En Irlanda, Halloween tiene mucha más historia que las calabazas y el «truco o trato». Durante generaciones, la noche de Oíche Shamhna reunió a familias alrededor de manzanas, frutos secos, bromas y pequeños rituales para adivinar el futuro.
Samhain marcaba tradicionalmente el comienzo del invierno. Los archivos del folclore irlandés documentan comidas, disfraces, travesuras y juegos de adivinación durante la noche del 31 de octubre. Las manzanas y las nueces de la cosecha otoñal se convirtieron en protagonistas naturales.
Una manzana colgaba de una cuerda y había que atraparla con los dientes, con las manos detrás de la espalda. Algunas fuentes describen una antigua versión giratoria con manzanas y velas. Es interesante como testimonio histórico, pero hoy conviene quedarse con la versión sin fuego: la manzana ya se encarga de complicarlo todo.
Otro juego consistía en atrapar con la boca las manzanas que flotaban en un recipiente con agua. Aparece en testimonios recogidos en distintas zonas de Irlanda. Actualmente resulta más sensato utilizar recipientes individuales o renovar el agua entre participantes.
Dos nueces podían representar a dos personas y su reacción junto al fuego se interpretaba como un presagio sentimental. Otros juegos recurrían a platos, objetos domésticos o alimentos para imaginar matrimonios, viajes o prosperidad.
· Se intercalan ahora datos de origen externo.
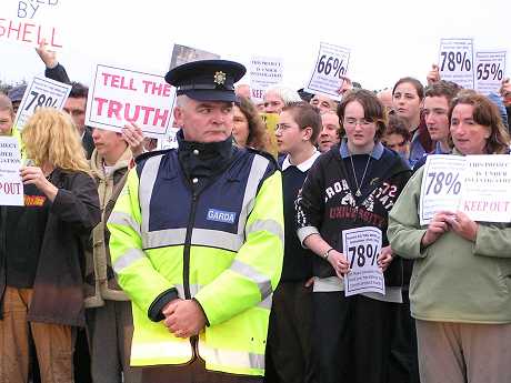 Indications are that later this morning Shell and their state security puppets intend to get really stuck in to lawfull protestors at Bellanaboy. The garda filming of protestors yesterday morning was an obvious attempt to indentify individual's who they feel they can target for extra special treatment when events kick off in only a few hours from now. Similar tactics have been employed in the recent past at other peacefull demonstrations. The turn-out this recent week has been impressive given the often bad weather and early hours. We will show Shell that were are determined as ever to halt this attack on our families safety, heath, and local environment!!

Una persona con los ojos vendados escogía entre varios platillos. Un anillo podía anunciar matrimonio; otros elementos tenían significados distintos según la región y la época. Esa diversidad local es fundamental: no existía un reglamento único de Halloween para toda Irlanda.
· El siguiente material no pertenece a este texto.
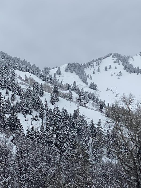 Saw the crown of this avalanche in Bartholomew Canyon South Fork at around 3 pm today. It must have been decent and natural: no other tracks up the canyon since the last snowfall, and the avalanche appears to have shaken the snow off the two small trees at its crown! Didn't get close to investigate, but the crown looked tall to my eyes.

El báirín breac o barmbrack es uno de los alimentos más emblemáticos del Halloween irlandés. Tradicionalmente podía esconder objetos vinculados a diferentes augurios. El anillo es el más famoso y anunciaba, según la tradición, un próximo matrimonio. Hoy hay que extremar la precaución con cualquier objeto oculto en comida, especialmente con niños.
Algunas costumbres pedían elegir una col a oscuras y utilizar su aspecto para imaginar cómo sería la futura pareja. Otras buscaban sueños reveladores. Son prácticas curiosas que reflejan preocupaciones históricas muy concretas: matrimonio, cosechas y prosperidad.
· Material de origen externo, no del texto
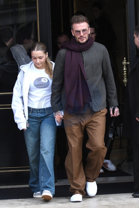 Rodzina Beckhamów opuszcza Hotel La Réserve podczas pokazu mody damskiej jesień/zima 2024–2025 podczas Paris Fashion Week (PFW) w Paryżu, Francja, 1 marca 2024 r. #Rodzina Beckhamów opuszcza Hotel The Reserve jesienią/ Zima 2
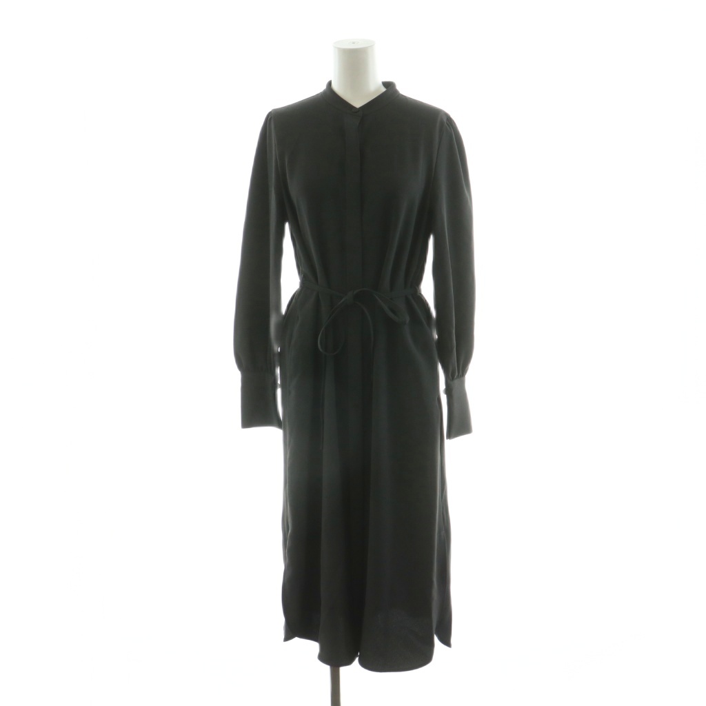 プラステ PLST ダブルジョーゼットワンピース ロング 長袖 ベルト付き S ブラック 12-1102004 /NQ レディース
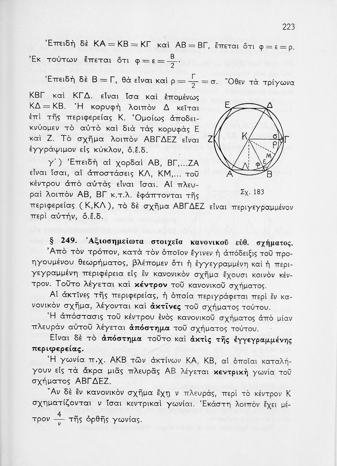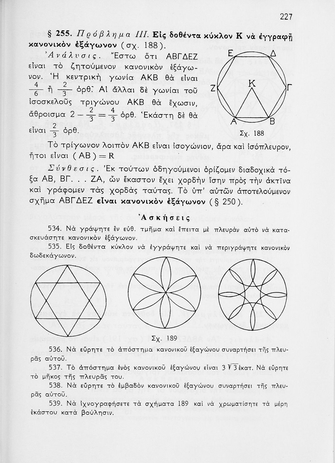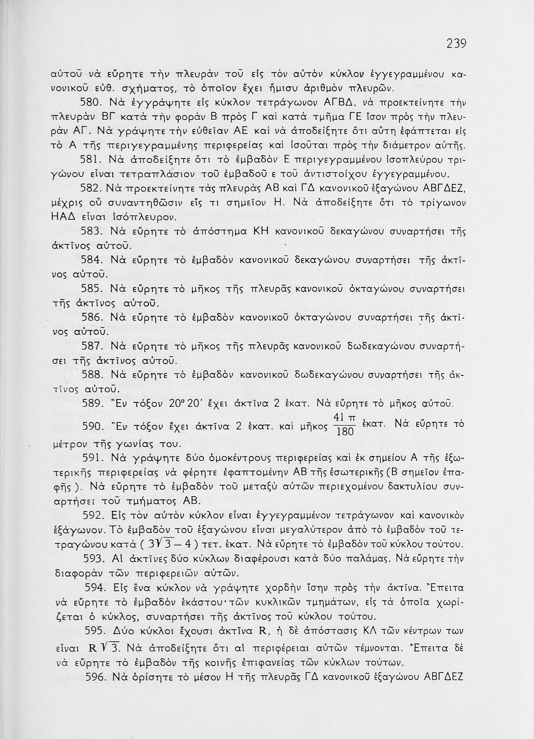 Σχολικό εγχειρίδιο Γεωμετρίας για τις Γ΄, Δ΄, Ε΄, ΣΤ΄ Γυμνασίου που περιλαμβάνει θεωρία και ασκήσεις και είναι χωρισμένο σε Επιπεδομετρία και Στερεομετρία. Φέρει το σύμβολο της δικτατορίας.

Los relatos tradicionales también hablan de guisers disfrazados que visitaban casas y recibían comida a cambio de actuaciones, además de numerosas bromas. Son parte de las raíces irlandesas del Halloween moderno, aunque la fiesta actual es fruto de siglos de intercambios entre Irlanda, Gran Bretaña y Norteamérica.
Museos, archivos, narraciones y celebraciones contemporáneas permiten descubrir este patrimonio. Y para recuperar su espíritu en casa basta bastante poco: unas manzanas, un barmbrack, historias al anochecer y una familia dispuesta a hacer un poco el ridículo.